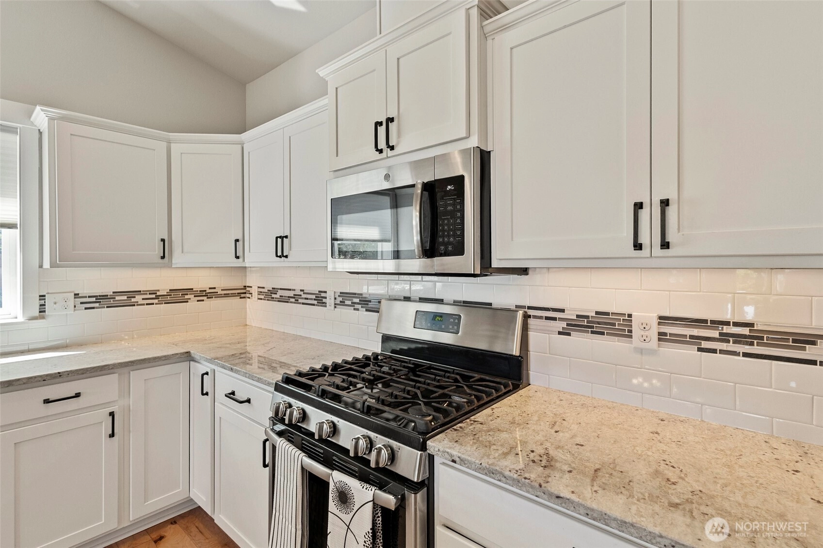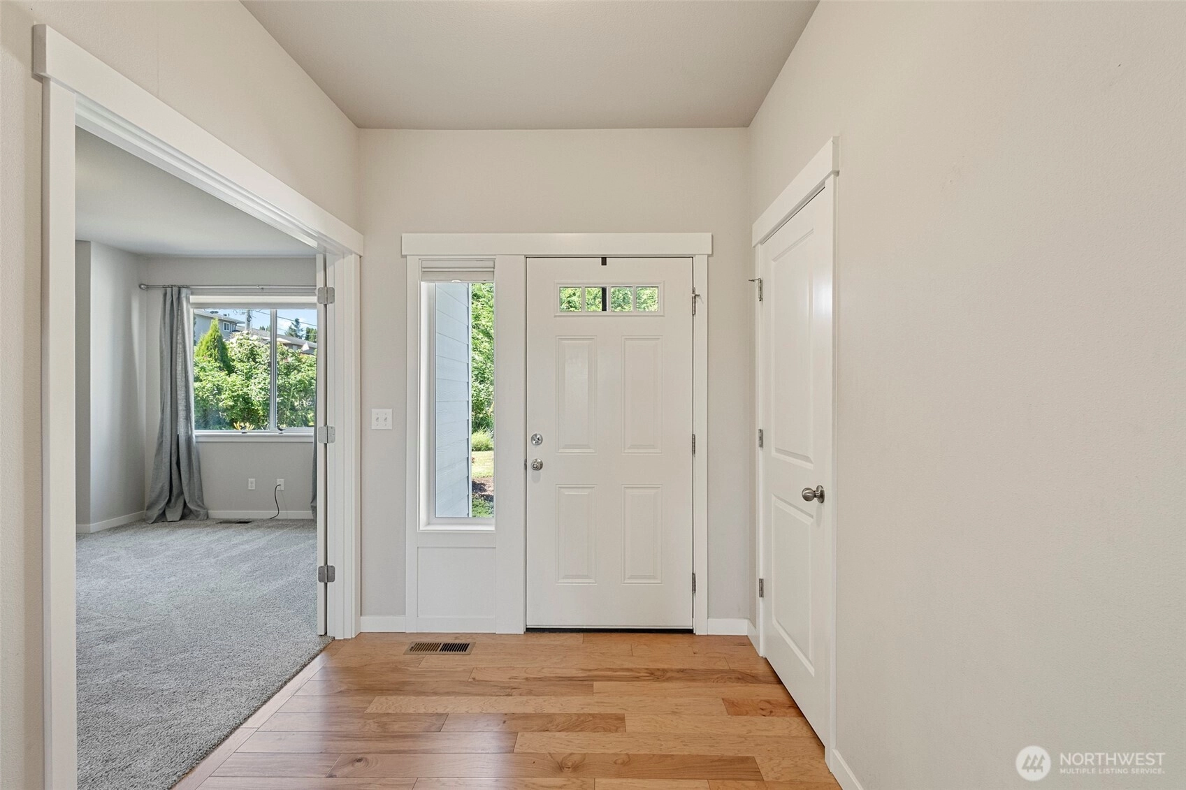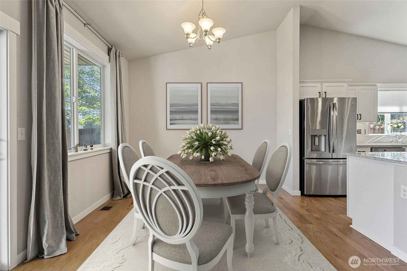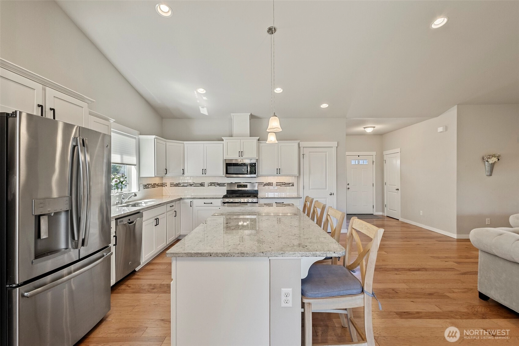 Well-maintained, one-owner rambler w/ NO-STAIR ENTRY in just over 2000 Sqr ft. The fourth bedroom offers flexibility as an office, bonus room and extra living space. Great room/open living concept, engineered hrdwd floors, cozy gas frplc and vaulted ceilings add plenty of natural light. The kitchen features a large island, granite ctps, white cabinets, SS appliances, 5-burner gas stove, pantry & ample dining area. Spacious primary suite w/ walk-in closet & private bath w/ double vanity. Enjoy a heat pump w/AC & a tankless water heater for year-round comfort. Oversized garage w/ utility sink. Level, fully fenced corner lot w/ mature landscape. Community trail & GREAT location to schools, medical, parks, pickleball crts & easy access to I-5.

:::::

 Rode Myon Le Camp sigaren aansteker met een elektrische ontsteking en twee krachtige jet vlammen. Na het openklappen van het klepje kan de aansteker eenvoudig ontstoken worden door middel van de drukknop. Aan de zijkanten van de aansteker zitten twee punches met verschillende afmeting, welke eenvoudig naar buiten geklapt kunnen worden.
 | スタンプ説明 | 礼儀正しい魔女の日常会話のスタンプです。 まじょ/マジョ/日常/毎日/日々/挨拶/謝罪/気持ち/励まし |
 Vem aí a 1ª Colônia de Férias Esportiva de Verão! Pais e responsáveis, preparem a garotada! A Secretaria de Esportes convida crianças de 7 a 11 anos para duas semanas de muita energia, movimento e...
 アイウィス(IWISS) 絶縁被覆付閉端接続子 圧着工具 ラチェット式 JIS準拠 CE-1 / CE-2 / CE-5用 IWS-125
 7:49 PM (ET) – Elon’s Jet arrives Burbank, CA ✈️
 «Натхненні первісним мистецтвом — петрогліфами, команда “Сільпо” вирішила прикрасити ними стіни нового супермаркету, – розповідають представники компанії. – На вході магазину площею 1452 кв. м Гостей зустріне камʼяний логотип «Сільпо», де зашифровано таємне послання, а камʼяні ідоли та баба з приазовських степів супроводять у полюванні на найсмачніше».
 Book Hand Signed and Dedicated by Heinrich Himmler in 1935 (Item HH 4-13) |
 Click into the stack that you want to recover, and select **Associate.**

:::::

WHAT YOU HAVE TO DO: From the material above, retype precisely the lines between the line holding "Rode Myon Le" and the line holding "礼儀正しい魔女の日常会話のスタンプです。 まじょ/マジョ/日常/毎日/日々/挨拶/謝罪/気持ち/励まし |", inclusive, and nothing beyond them.

ANSWER SECTION:
 Rode Myon Le Camp sigaren aansteker met een elektrische ontsteking en twee krachtige jet vlammen. Na het openklappen van het klepje kan de aansteker eenvoudig ontstoken worden door middel van de drukknop. Aan de zijkanten van de aansteker zitten twee punches met verschillende afmeting, welke eenvoudig naar buiten geklapt kunnen worden.
 | スタンプ説明 | 礼儀正しい魔女の日常会話のスタンプです。 まじょ/マジョ/日常/毎日/日々/挨拶/謝罪/気持ち/励まし |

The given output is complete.